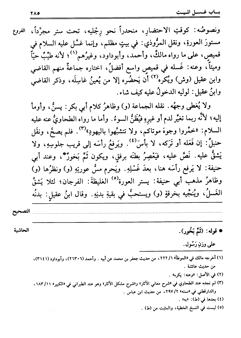 وَنُصُوصُهُ: كَوَقْتِ الِاحْتِضَارِ، مُنْحَدِرًا نَحْوَ رِجْلَيْهِ، تَحْتَ سِتْرٍ مُجَرَّدًا، مَسْتُورَ الْعَوْرَةِ، وَنَقَلَ الْمَرُّوذِيُّ: فِي بَيْتٍ مُظْلِمٍ، وَإِنَّمَا غُسِّلَ عَلَيْهِ السَّلَامُ فِي قَمِيصٍ عَلَى مَا رَوَاهُ مَالِكٌ وَأَحْمَدُ وَأَبُو دَاوُد وَغَيْرُهُمْ1؛ لِأَنَّهُ طَيِّبٌ حَيًّا وَمَيِّتًا، وَعَنْهُ غُسْلُهُ فِي قَمِيصٍ وَاسِعٍ أَفْضَلُ، اخْتَارَهُ جَمَاعَةٌ مِنْهُمْ الْقَاضِي وَابْنُ عَقِيلٍ "وش" وَيُكْرَهُ2 أَنْ يُحْضِرَهُ إلَّا مَنْ يُعَيِّنُ غَاسِلُهُ وَذَكَرَ الْقَاضِي وابن عقيل لِوَلِيِّهِ الدُّخُولُ عَلَيْهِ كَيْفَ شَاءَ.
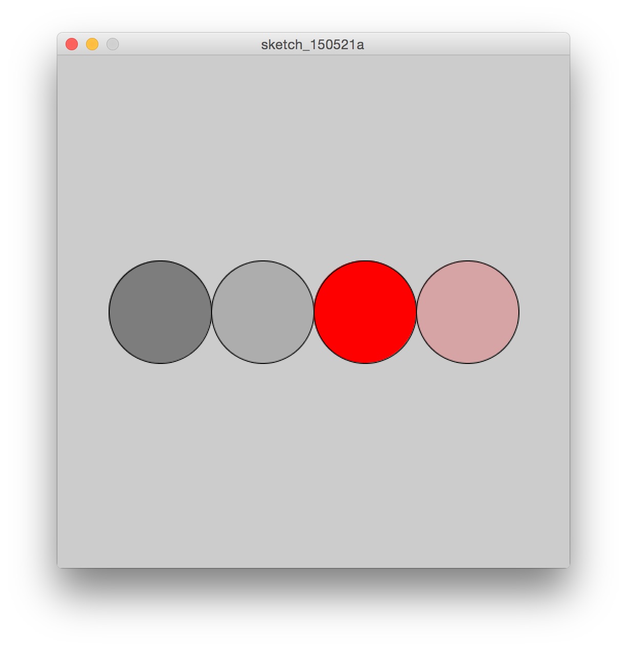 最后还有一个与上色相关的background函数,它可以用来填充背景,相当于油漆桶。括号中填的也是色彩参数,和前面的完全一致,有四种不同的参数输入方式。如果把background(200,0,0)写在前面可以得到。
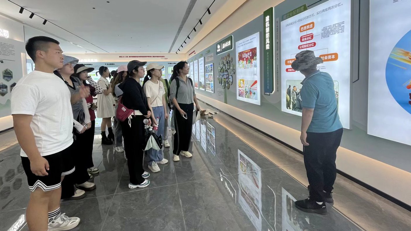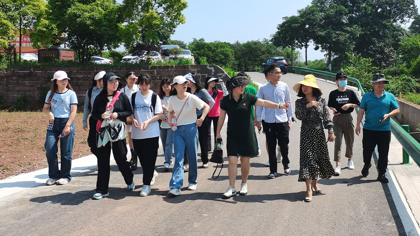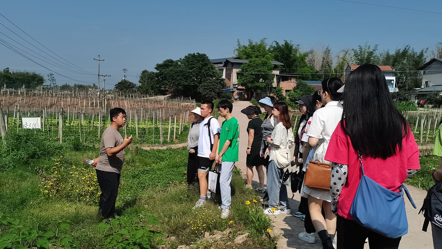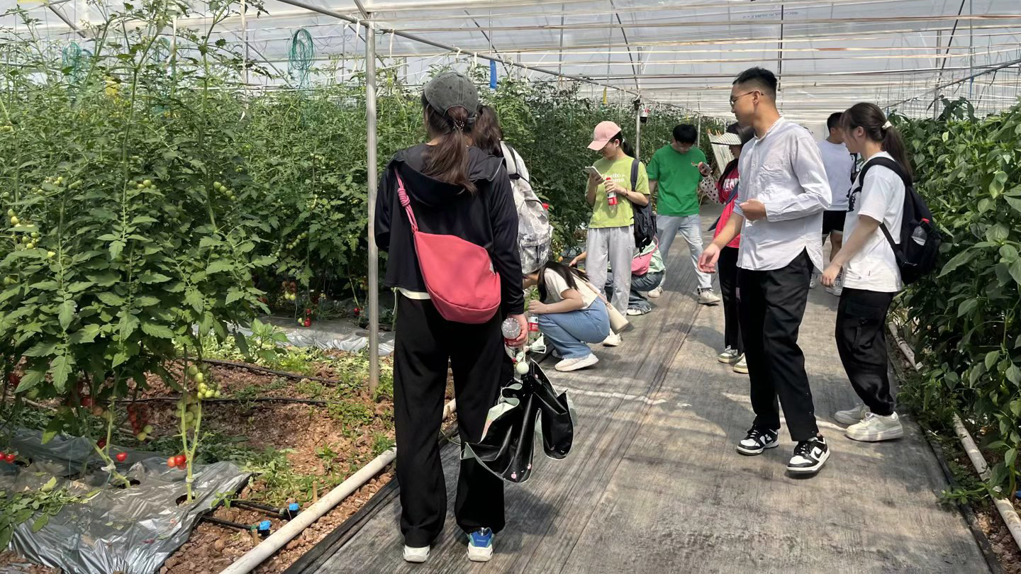 随后,在侣俸镇副镇长孙贤菊的带领下,同学们参观了铜梁侣俸镇乡村振兴特色项目巴岳农庄。在巴岳农庄设施蔬菜科技园的温室大棚里,同学们见识了个头大、品质优的螺丝椒、花青素含量极高的黑紫色辣椒、红色和黄色挂满枝头的番茄,品尝了甘甜的“银河系列”小番茄,了解了温室大棚通过转光膜、反光薄膜等增强光照效果的技术,让大棚在没有任何照明设施的情况下却比户外更亮,大大提高辣椒和番茄的生长速度。在项目展厅,侣俸镇产业中心负责人杨昌武为同学们详细讲解了巴岳农庄的实践模式,“巴岳农庄不是一个具象的农场、庄园概念,而是推动乡村发展产业的一种模式、一条路径。”同学们从生产要素激活、创新经营管理模式、社会化服务等一幅幅图片、一幕幕规划图中学习铜梁乡村振兴路径。相信在未来此地将是大量优秀新农人的聚集地。
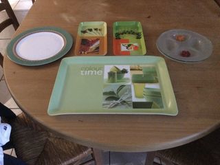 Lot composé de - 1 grand plateau - Dimension en cm 47x32 - 2 petits plateaux - Dimensions en cm 31x16 - 1 dessous de plat décoratif en verre - Diamètre 26cm - 1 plat de serv
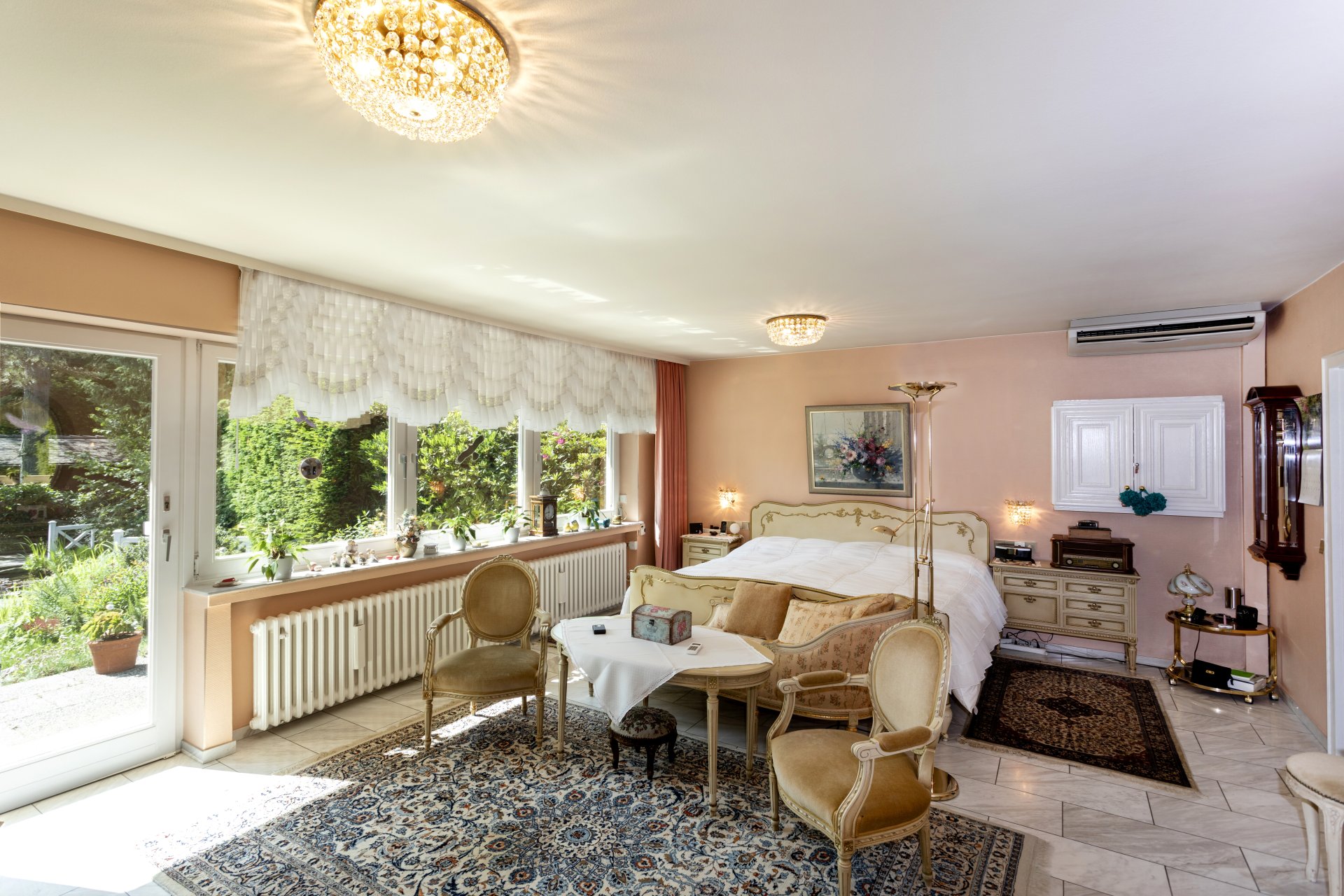 Bodenbeläge: Haupthaus: Eingangsbereich, aktueller Wohn-/ und Essbereich mit hochwertigen Natursteinen, Küche und Bad gefliest, separate Einliegerwohnung: Flur, G-WC, Küche und ein Raum gefliest, zwei weitere Zimmer durchgehend Marmor; Dachgeschoss: Bäder gefliest, ansonsten Eichenparkett.
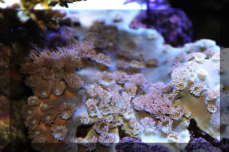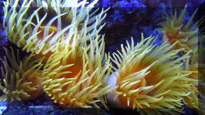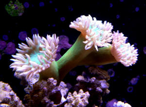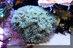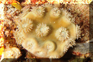 Dendrophylliidae: Characteristics of the Family: Most species lack Zooxanthellae. In fact this family contains the most common Azooxanthellates species found on reefs. They're either solitary or colonial, with corallites are mad up of walls that are porous, mainly filled with coenosteum in life, fused with distinct (Pourtales plan) septa. Of the genus with photosynthetic endosymbiotic algae, Turbinaria often finds its members employed in ornamental aquatics. As far as ahermatypic species of this family, only Tubastrea is regularly imported. Range: Dendrophylliids are found in tropical and non-tropical regions of the worlds oceans, some of the ahermatypic, Azooxanthellates ones to a depth of a 1,500 meters. The genera Turbinaria and Tubastrea are prominent shallow reef species in large parts of the tropical Indo-Pacific. Some Dendrophylliids are inconspicuous, but found in the tropical West Atlantic. Dendrophylliid Genera You're Not Likely To See: (There are others); Balanophyllia, Dendrophyllia, Not distinguishable from very similar Tubastrea without examination of dead skeletal (septal fusion) characteristics. Eguchipsammia: Mud dwelling, Azooxanthellates. Heteropsammia... Genus Balanophyllia: Solitary polyps, calyces appear round in cross section.
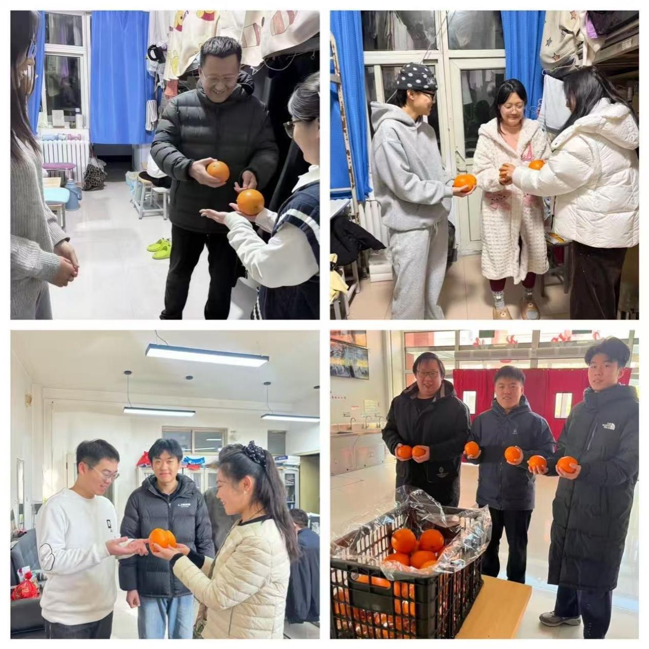 12月15日,学院党委副书记岳现超携全体毕业班辅导员深入考研自习室、学生宿舍与学院活动室,把寓意“心想事成”的橙子送到学子手中。一颗颗鲜橙,承载的是学院最柔软的牵挂;一句句叮咛——“科学规划时间、稳住心态、劳逸结合”——化作冲刺路上最坚实的底气。针对学子们提出的备考焦虑、后勤保障等问题,辅导员们现场耐心解答,并记录相关诉求以便后续跟进解决。
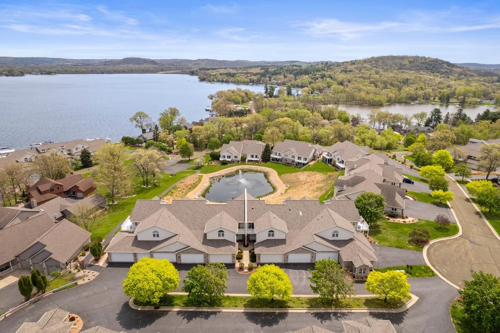 Stunning, fully updated Paradise Island Condo with amazing sunrise views of the lake & surrounding bluffs! Outstanding opportunity to own this immaculate 2,830 +/- sq ft main level unit! This property features an open kitchen with granite counters, Amish custom cabinets, stainless appliances & gas stove, a living room with a stone gas fireplace, oak flooring, and a large private maintenance-free deck with power screen. Enormous primary suite with a custom walk-in shower & jetted tub. Exposed lower level features a 3rd bedroom, large rec room/family room with walkout to screened patio! Lake access w/ designated boat slip #D10 and included straight drive-in "Jet Dock" boat lift! 2 Car Garage too! Enjoy the Okee area with walking paths, a park, two restaurants, and the Ice Age Trail nearby!
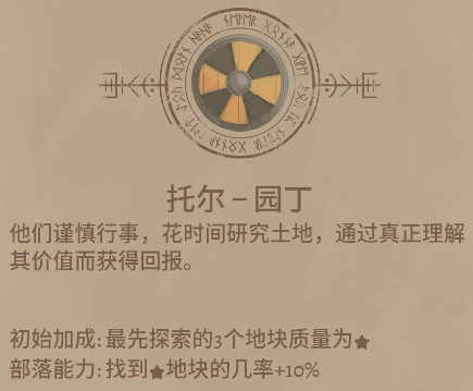 部落能力:找到★地块的几率+10%
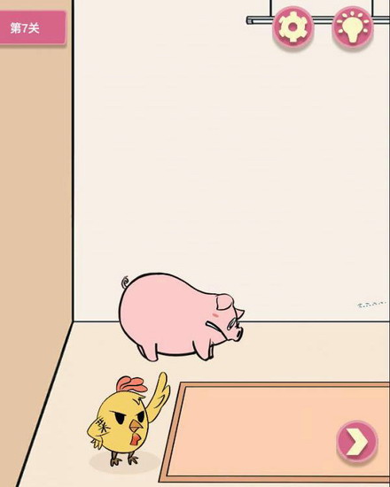 【第七关】:右边点击获得冰箱里烤鸡上的针,然后到左边点击获得猪嘴里的树枝把针给他,用树枝挠猪的鼻子,回到中间点击钥匙获得开门。
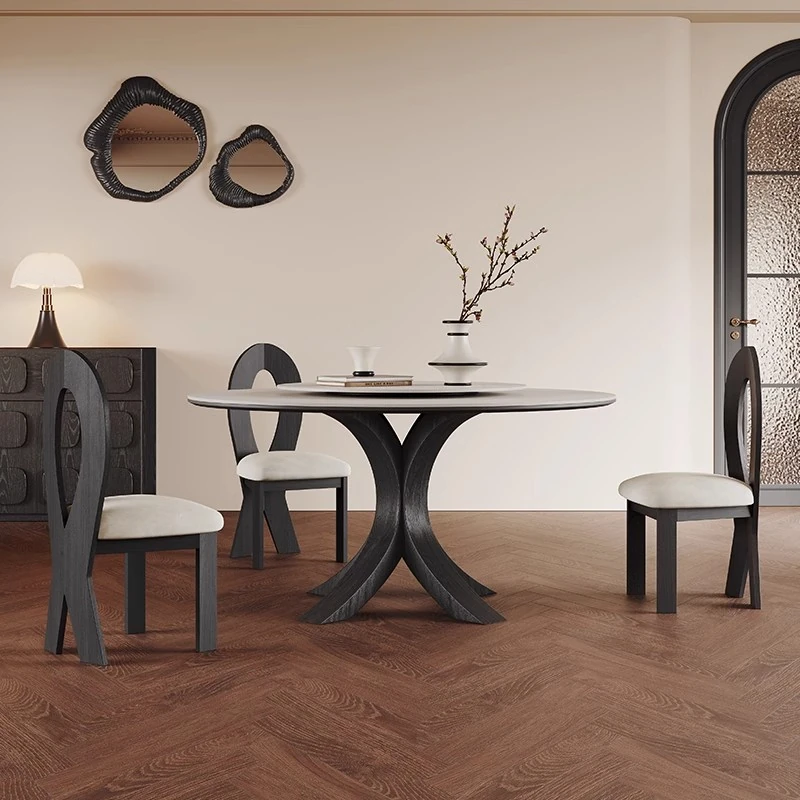 Nordic Vintage Round Solid Wood Dining Table with Rock Plate - 2025 New Retro French Style with Lazy Susan for Cozy Family Gatherings
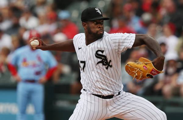 Chicago White Sox starting pitcher Touki Toussaint throws against the St. Louis Cardinals in the first inning at Guaranteed Rate Field on July 8, 2023. (John J. Kim/Chicago Tribune)
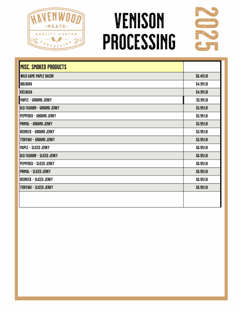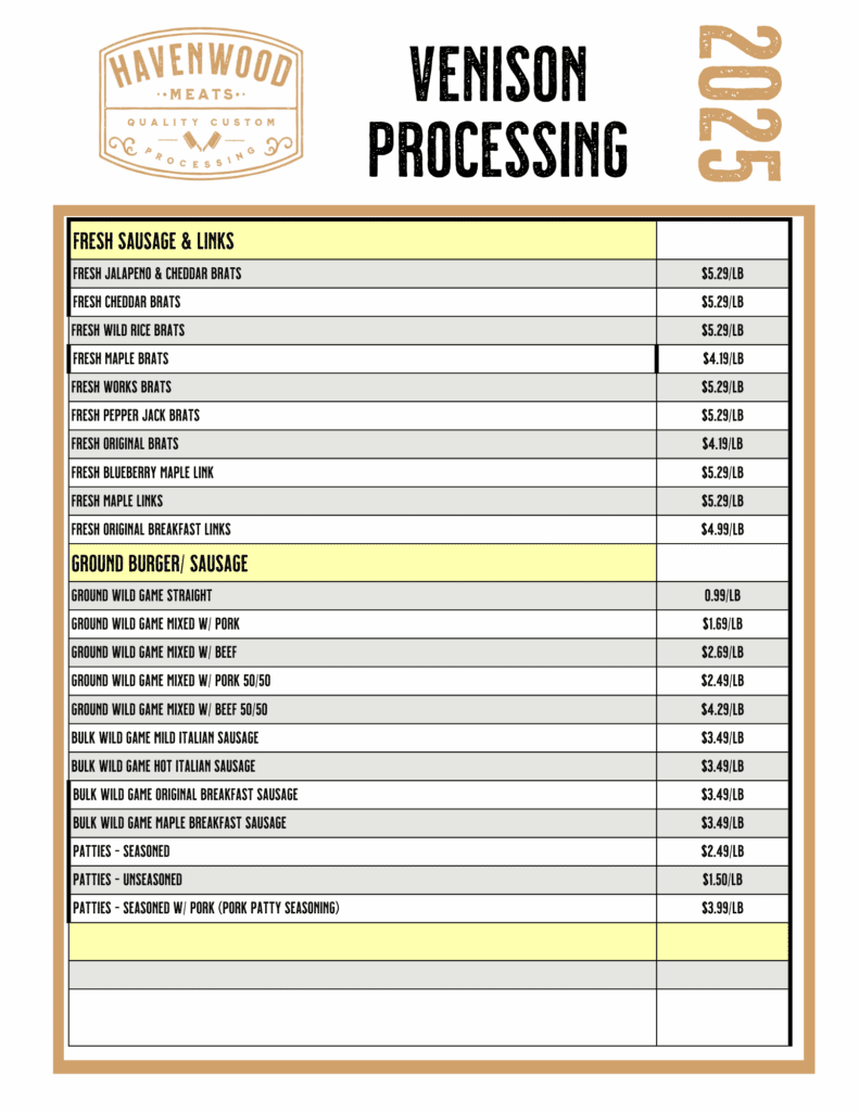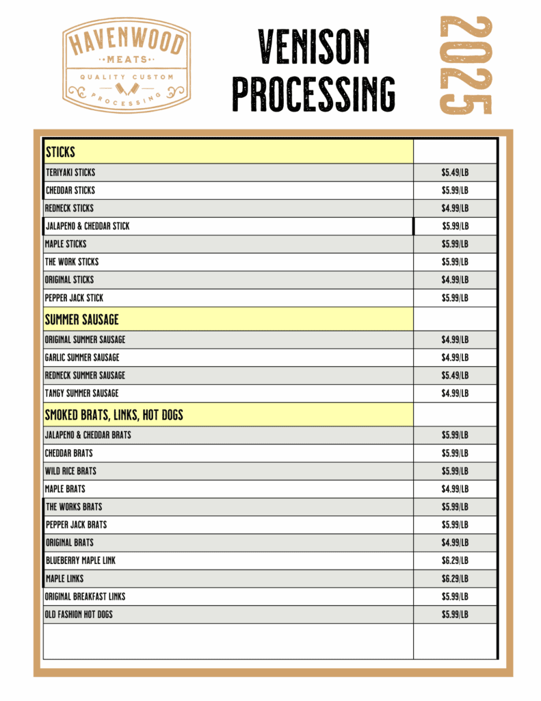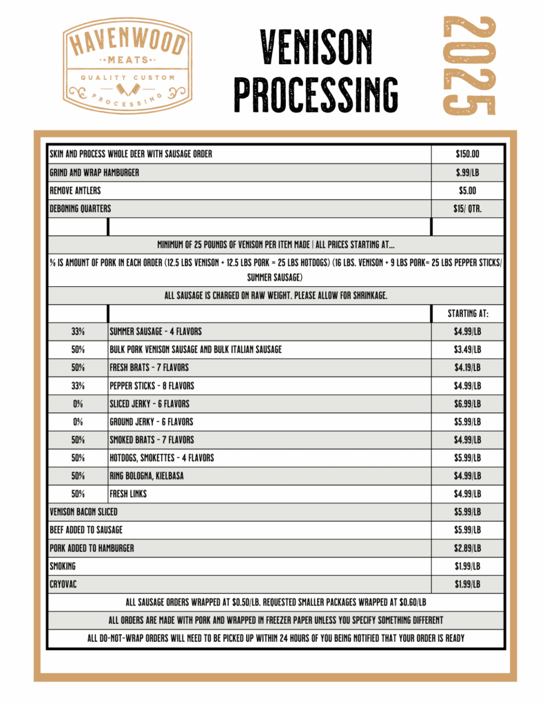 Please familiarize yourself with our updated Wild Game process and expected wait times for Deer Season 2025.
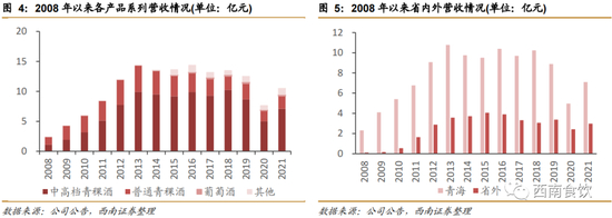 业绩情况:2013-2015年白酒行业经过深度调整,2016年行业开启复苏。公司因聚焦做大“青稞酒品类”,且聚焦百元以下价位与其他地产酒进行竞争,错失品牌塑造和产品结构升级的机遇。2019年以来,公司积极调整战略方向,聚焦资源于产品结构升级,重点布局100-200元价位,倾力打造500元价位国之德G6大单品,产品结构显著优化。此外,公司积极布局省外市场,借助清香型白酒势能回归,不断开拓省外市场,成长空间显著扩大。2020年以来,疫情影响下使得公司调整效果难以显现,当前积聚的经营势能强劲,行业复苏背景下极具成长弹性。
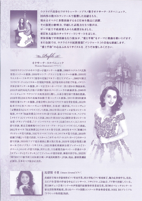 オクサーナ・ステパニュック ソプラノリサイタル2023.11/19(日)会場:越後妻有文化ホール 団十ろう裏面あり 新潟市外 permalink こんな演奏会も。(終了したものもあります)関連したものがみつかりませんでした
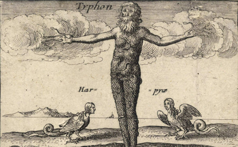 關於颱風的其他神話還有:希臘神話裡的泰風(有的稱為「颱風」,Typhon),下半身是蛇,有鳥的翅膀,也有不同動心動物的象徵,是大地之母蓋亞的兒子,與宙斯是同父異母的兄弟,同時晬一名身材高大和很強狀的巨人。某天,宙斯這好色之徒又在做壞事,泰風見機不可失,把其閃電偷走藏起,同時直奔奧林帕斯山破壞宙斯的城堡,到宙斯發現時,由於沒閃電,及後也發現原來閃電在泰風那裡,結果宙斯打輸了。宙斯不忿,也運用計謀將一名部下變成牧童,前往泰風的宮殿,運用笛聲誘騙泰風交出閃電作加持笛子之用,結果成功了,宙斯取回閃電後,右手用冰霜之刃把泰風的隻手斬下來,並將其封印在水山裡,後來,泰風只要抓到機會,便會衝出封印用暴風肆虐人間。

What the exercise asks » A word-for-word reproduction is needed of the lines above from the line containing "业绩情况:2013-2015" through the line containing "オクサーナ・ステパニュック ソプラノリサイタル2023.11/19(日)会場:越後妻有文化ホール 団十ろう裏面あり", with both ends kept and no pictures.

Result of this exercise »
 业绩情况:2013-2015年白酒行业经过深度调整,2016年行业开启复苏。公司因聚焦做大“青稞酒品类”,且聚焦百元以下价位与其他地产酒进行竞争,错失品牌塑造和产品结构升级的机遇。2019年以来,公司积极调整战略方向,聚焦资源于产品结构升级,重点布局100-200元价位,倾力打造500元价位国之德G6大单品,产品结构显著优化。此外,公司积极布局省外市场,借助清香型白酒势能回归,不断开拓省外市场,成长空间显著扩大。2020年以来,疫情影响下使得公司调整效果难以显现,当前积聚的经营势能强劲,行业复苏背景下极具成长弹性。
 オクサーナ・ステパニュック ソプラノリサイタル2023.11/19(日)会場:越後妻有文化ホール 団十ろう裏面あり 新潟市外 permalink こんな演奏会も。(終了したものもあります)関連したものがみつかりませんでした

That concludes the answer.